At mid-term of the current administration, one key focus area the government embarked upon was infrastructure development. Among other measures towards funding these projects was the president’s introduction and assent of Executive Order 007 “Road Infrastructure Development and Refurbishment Investment Tax Credit Scheme 2019” which encourages private companies to execute infrastructural projects in return for tax incentives. Several 1st tier companies, including the state oil giant (NNPC), embraced the tax scheme having secured N621 billion tax credit for 21 road projects with a cumulative distance of 1,804km across the six (6) geo-political regions. In pursuit of a funding mechanism for our NDCs (Nationally Determined Contributions) and net-zero targets, Nigeria issued the Sovereign Green Bonds in 2017 and 2019 worth N10.69 billion and N15 billion respectively but the envisaged impact to the climate change goals has been lacklustre according to findings by the Premium Times newspaper. In comparison to the sovereign green bonds, much progress has been achieved under the Executive Order 007 agenda.

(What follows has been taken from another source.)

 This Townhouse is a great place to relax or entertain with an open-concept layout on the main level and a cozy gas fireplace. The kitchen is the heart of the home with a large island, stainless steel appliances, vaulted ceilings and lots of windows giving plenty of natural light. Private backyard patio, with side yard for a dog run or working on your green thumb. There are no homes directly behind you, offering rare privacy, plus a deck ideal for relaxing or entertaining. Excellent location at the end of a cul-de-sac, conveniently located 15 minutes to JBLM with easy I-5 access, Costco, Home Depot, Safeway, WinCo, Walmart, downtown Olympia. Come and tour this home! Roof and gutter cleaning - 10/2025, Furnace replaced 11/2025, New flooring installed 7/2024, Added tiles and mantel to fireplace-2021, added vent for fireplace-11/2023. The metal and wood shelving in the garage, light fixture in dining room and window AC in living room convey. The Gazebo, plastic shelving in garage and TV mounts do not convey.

Tax relief/credit has been shown to be attractive to businesses for investment in developmental sectors yearning for urgent attention but lacking in policy-maker’s budgetary finances. It’s therefore pertinent to innovate environmental funding mechanisms that are tax incentivised and attractive for businesses to tap into for the benefit of a sustainable environment. For example, if the oil, telecoms and the conglomerate companies could take up Nigeria’s inland/coastal mangrove ecosystem restoration, reforestation, tree planting and flood control in the Niger Delta region under the proposed “environmental tax incentive Scheme”, the crucial benefits of being on track on our NDCs, the 2060 net-zero low carbon pledges and the SDGs (Sustainable Development Goals: SDG07, SDG11 & SDG13) could well be on track to achieve. Under the proposed scheme, the planting and nurturing of 100 million trees in the northern cities, towns and villages could create thousands of jobs and further enhance the environment’s biosphere (shade, food, cleaner underground water, reduced air pollution, soil enrichment, mental wellness… etc.). In the central region, flood defences are crucial in the protection of riverine communities from the annual floods, thereby enhancing the aquatic ecosystem.

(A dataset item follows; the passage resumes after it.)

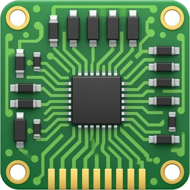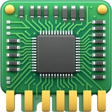 brain emoji with a computer circuit board texture, featuring electronic components and green circuit lines emoji

According to a recent report by the Climate Change Committee (CCC), the UK government’s official climate change adviser, the government was found to be “strikingly unprepared” for at least a decade to make efforts to tackle climate change impacts. Climate change impact has no boundary. Nigeria must therefore act fast to explore innovative options to mitigate and adapt to the changing climate so we could have a better and more sustainable environment for future generations.